Pair Trading with Near and Cardano

The main advantage of trading using opposite Near and Cardano positions is that it hedges away some unsystematic risk. Because of two separate transactions, even if Near position performs unexpectedly, Cardano can make up some of the losses. Pair trading also minimizes risk from directional movements in the market. For example, if an entire industry or sector drops because of unexpected headlines, the short position in Cardano will offset losses from the drop in Cardano's long position.

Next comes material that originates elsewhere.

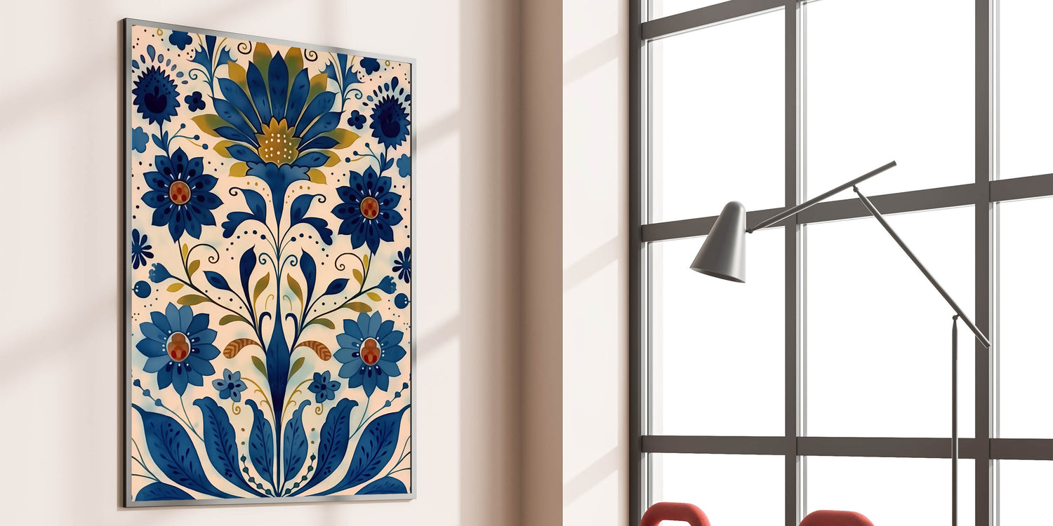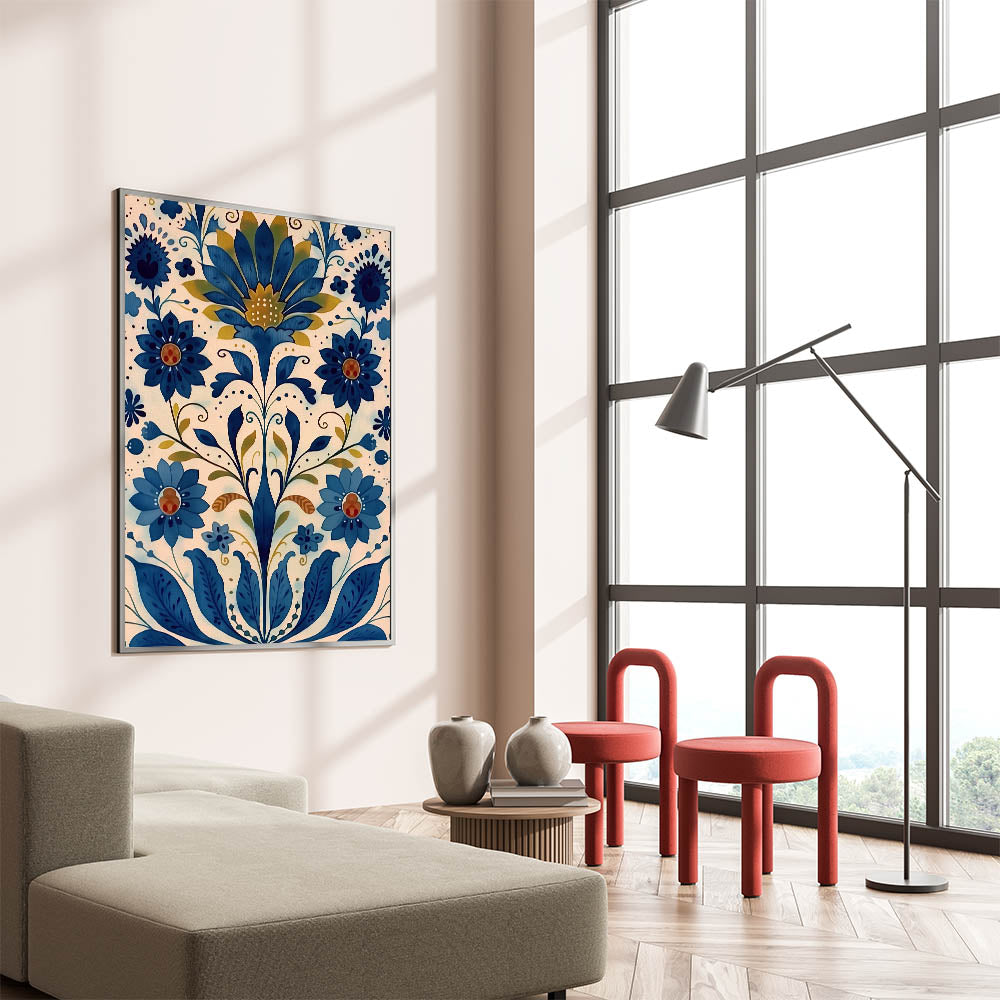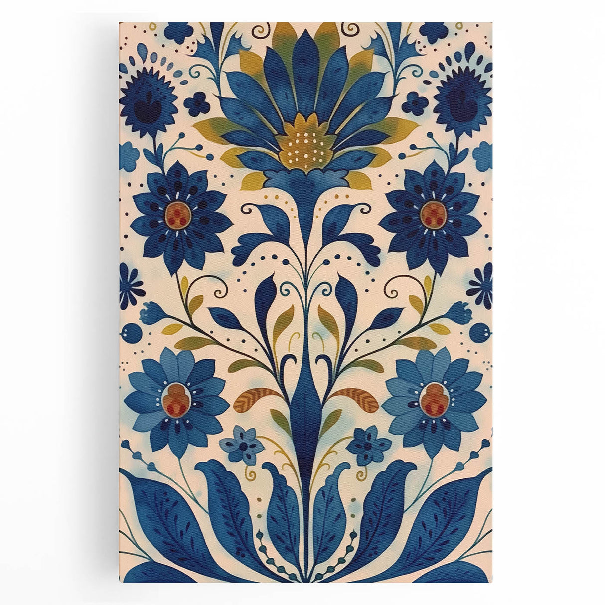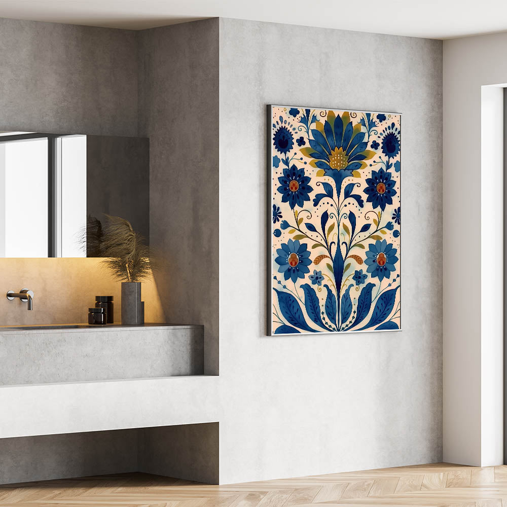 Transform your space with this beautiful Scandinavian wall art, featuring an intricate blue and gold floral design. The Nordic-inspired artwork showcases detailed floral patterns that blend deep blue hues with golden accents, creating a sophisticated and elegant look. The rich colors and delicate design embody the essence of Scandinavian decor, perfect for bringing a calming and inviting atmosphere into any room.
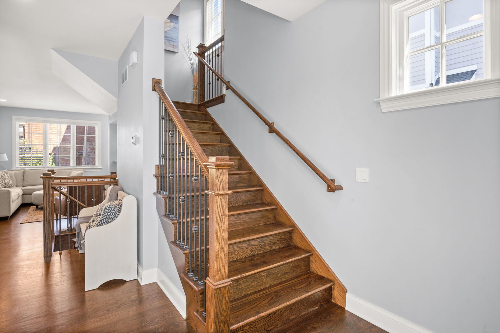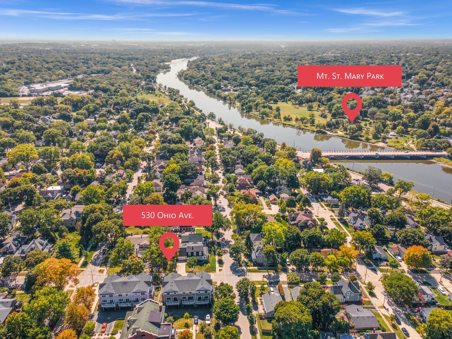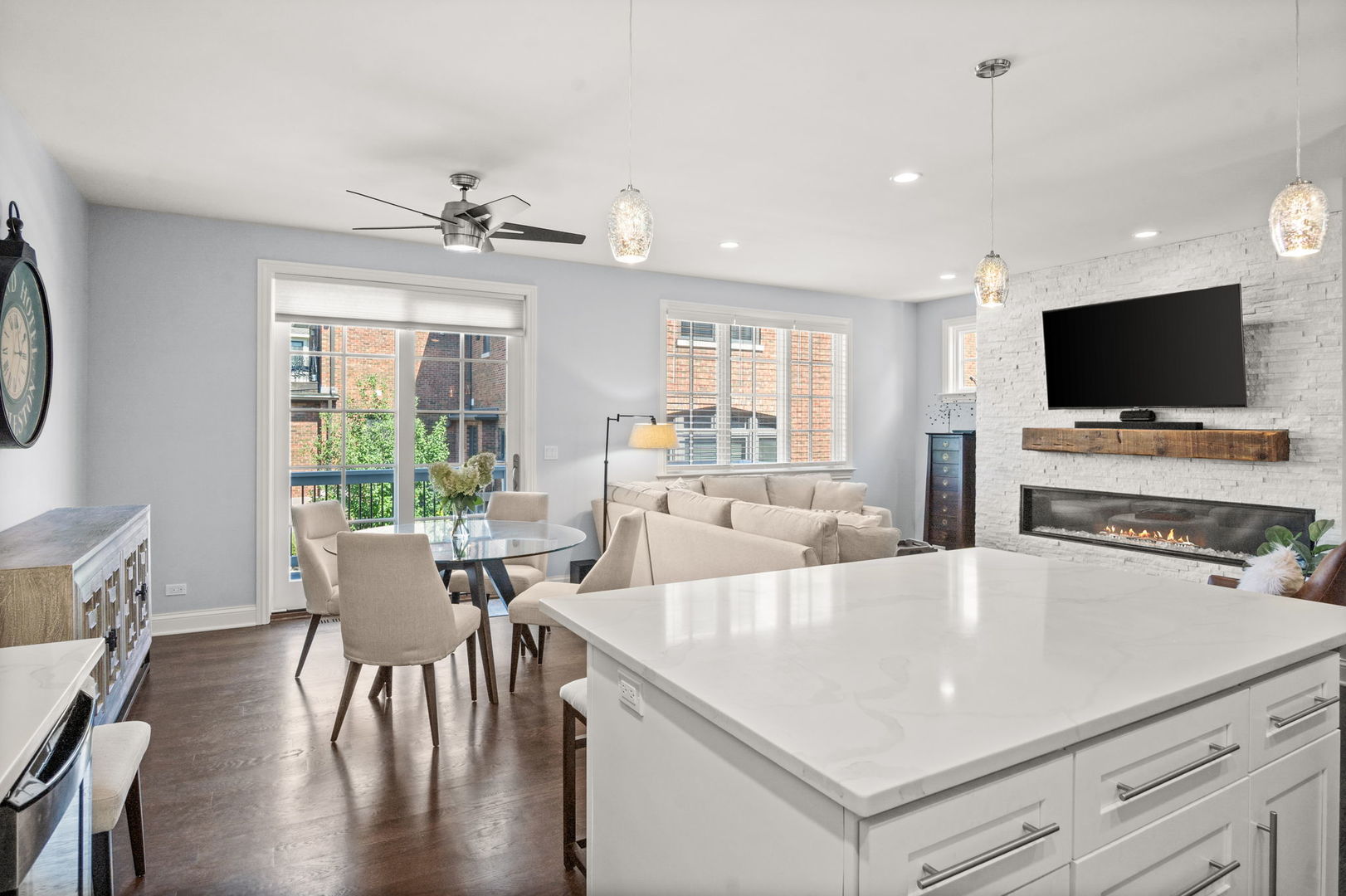 Welcome to luxury living in the heart of downtown St. Charles! This stunning 3-bedroom, 3.5-bath end-unit townhome in sought-after Heritage Green offers upscale, maintenance-free living just steps from the Fox River, bike paths, library, and all the shops and dining downtown has to offer. Commuters will love the quick access to the Geneva Metra station. Inside, you’ll find custom high-end finishes throughout, including hardwood and tile floors (no carpet!), automatic lighting in closets, and a tankless water heater. The gourmet eat-in kitchen boasts quartz countertops, glass tile backsplash, stainless smart appliances-including a whisper-quiet Bosch dishwasher-and a large island with breakfast bar. The adjacent dining room opens to a private deck, perfect for morning coffee or evening wine. The living room features an 80″ stacked stone accent wall with sleek electric fireplace. Need to work from home? A main-level office and powder room provide the ideal setup. Upstairs, the primary suite is a true retreat with volume ceilings, dual walk-in closets with custom organizers, and a spa-like bath with rainfall shower. The second bedroom also enjoys a private en suite, while the second-floor laundry adds convenience. Downstairs, the finished lower level with heated floors includes the third bedroom and full bath-ideal for guests or a flex space. Reverse osmosis system. Bonus: heated 2-car garage with epoxy floors, charming front porch, and fresh exterior paint. This one checks all the boxes for luxury, location, and lifestyle!

The idea behind Near and Cardano pairs trading is to make the combined position market-neutral, meaning the overall market's direction will not affect its win or loss (or potential downside or upside). This can be achieved by designing a pairs trade with two highly correlated stocks or equities that operate in a similar space or sector, making it possible to obtain profits through simple and relatively low-risk investment.
Check out your portfolio center. Note that this page's information should be used as a complementary analysis to find the right mix of equity instruments to add to your existing portfolios or create a brand new portfolio. You can also try Aroon Oscillator module to analyze current equity momentum using Aroon Oscillator and other momentum ratios.